### Task
Please output the listing exactly as it stands, but omit any images.

### Dataset entries
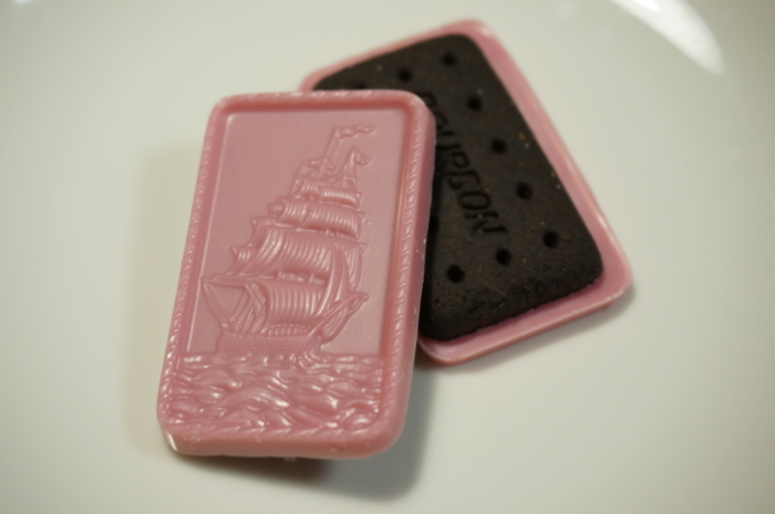 ほろ苦いココアビスケットを香ばしくさっくりと焼き上げ、帆船を形どった甘酸っぱいいちごチョコと組み合わせたオリジナルなチョコレートビスケットです。
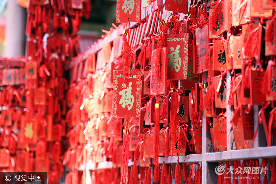 2017年5月28日,在山東泰安岱廟內一大典前,兩側約30米長的紅色欄桿上,密密麻麻的掛滿了游人祈福用的紅色福字木牌,木牌的背面寫滿了祝福的短語。臨近端午,不少游人特意選擇來岱廟寫福牌,祈福牌成為岱廟內一道亮麗風景線。
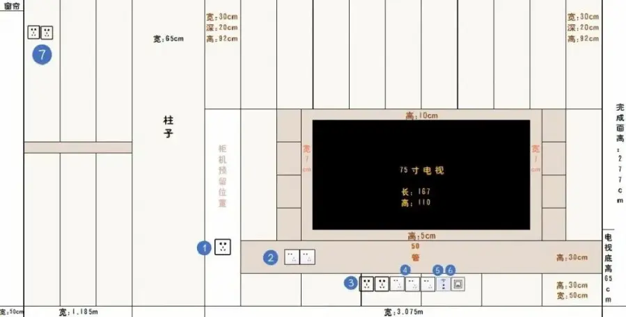 预留电源和设备储放地,以便摆放机顶盒、音响和路由器等影音设备。为了确保足够的电源供应和安全,开放区域的墙面应装设至少3至5个电源插座。同时,为了便于电缆的管理和弯曲,插座应从台面下方至少预留5厘米的空间。
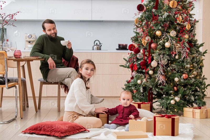 Отец расслабляется и наблюдает за детьми, играющими в домашнем интерьере возле рождественской елки. Зимние праздники и концепция семьи
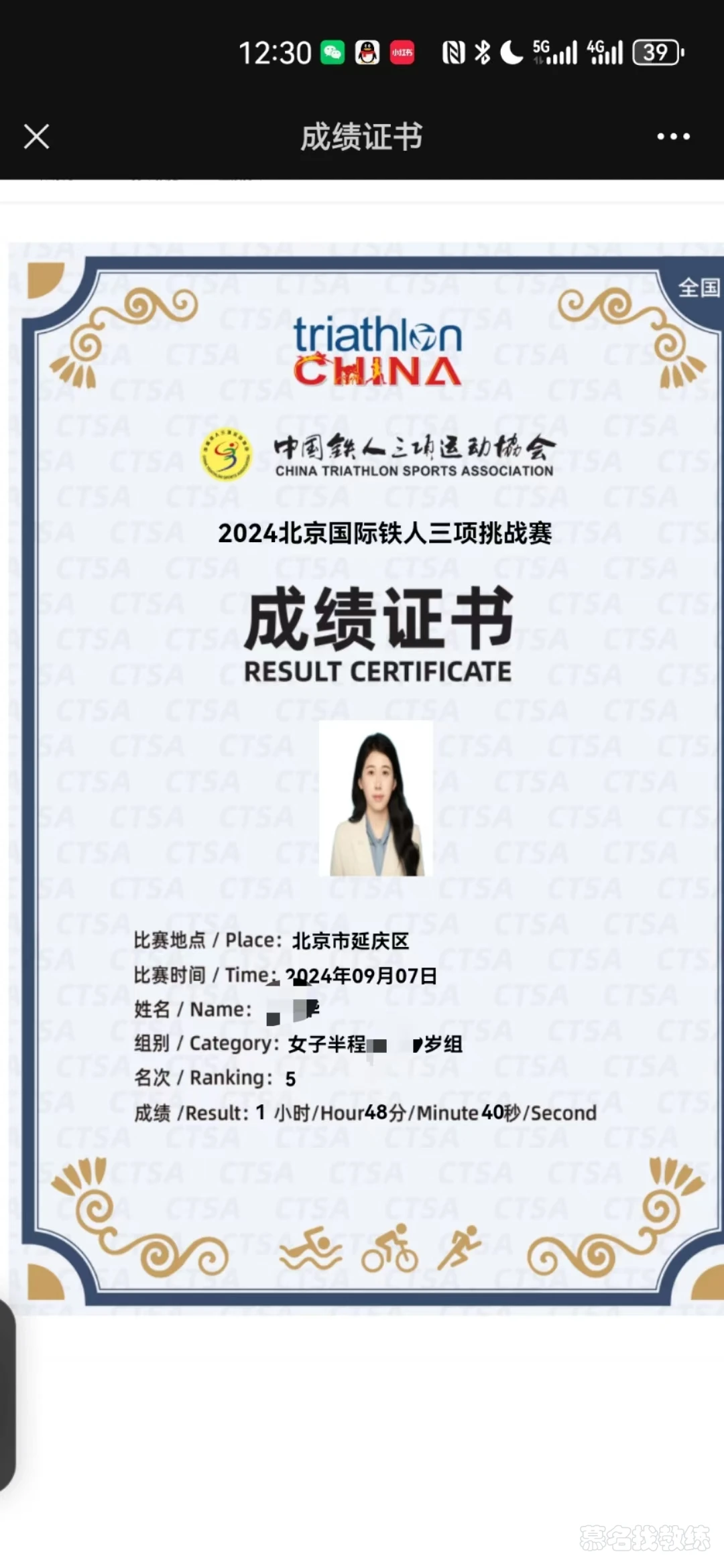 2.北京国际铁人半程第五名

### Exercise result
 ほろ苦いココアビスケットを香ばしくさっくりと焼き上げ、帆船を形どった甘酸っぱいいちごチョコと組み合わせたオリジナルなチョコレートビスケットです。
 2017年5月28日,在山東泰安岱廟內一大典前,兩側約30米長的紅色欄桿上,密密麻麻的掛滿了游人祈福用的紅色福字木牌,木牌的背面寫滿了祝福的短語。臨近端午,不少游人特意選擇來岱廟寫福牌,祈福牌成為岱廟內一道亮麗風景線。
 预留电源和设备储放地,以便摆放机顶盒、音响和路由器等影音设备。为了确保足够的电源供应和安全,开放区域的墙面应装设至少3至5个电源插座。同时,为了便于电缆的管理和弯曲,插座应从台面下方至少预留5厘米的空间。
 Отец расслабляется и наблюдает за детьми, играющими в домашнем интерьере возле рождественской елки. Зимние праздники и концепция семьи
 2.北京国际铁人半程第五名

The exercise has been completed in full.